The scarlet shines beside the white,
So bright it shines.

Yes, there is a metaphoric and symbolic quality to this: the symbol of the House Galbraith is the raven and when I wrote this Corwyn and Domhnail Galbraith had just stepped up as Baron and Baroness of Septentria (which Barony’s heraldry is a white bear on a scarlet field). Yes, all the other animal references are to heraldic or other totem beasts of other components of Ealdormere. But consider the narrative line for a second, simply on its own merits.

There’s a dead beast.
Those various other animals didn’t kill it.
The bear killed it.
The beast tried to steal bear cubs.
The beast failed. It’s now raven food.

What exactly was the offending beast? I don’t know. I really had no clear picture when I wrote the lyrics. In fact I resisted, consciously and carefully, the temptation to write in some detail there. What about the cubs? Not much is articulated. What was the plan, where were the cubs before the beast tried to steal them? I have no idea. These details, and any others you come up with, are the holes your imagination can fill, or not, as you deem necessary.

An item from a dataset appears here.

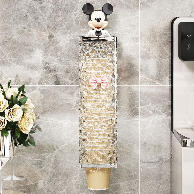 高颜値使い捨てコップ取杯器壁掛け式穴なし家庭用冷水機紙コップ収納棚取杯棚
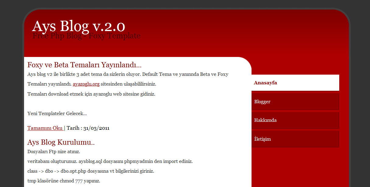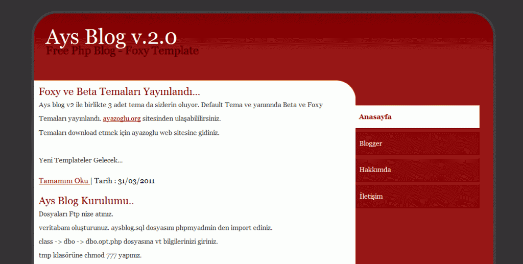 Tamemen yerli blog scripti.Geliştirilmeye açık ve teknik detestek yapımcısı tarafından salanacakmış

What about the chorus lines? What is the scarlet and white? Septentrian heraldry? Meat and bone? Blood on snow? Something else? Again, if you care, the answers are in your imagination. And if you don’t care, these lines are a notch up the complexity scale on “Downe a downe, hay downe, hay downe”, but that’s about it.

Writing this simply, this starkly, is a departure for me. I am very pleased with my first real attempt at balladry of the Child style. Maybe I’ll write some other ballads, when I‘m in the mood to leave that many big holes in my work and can resist the temptation to write additional verses to paint the whole picture.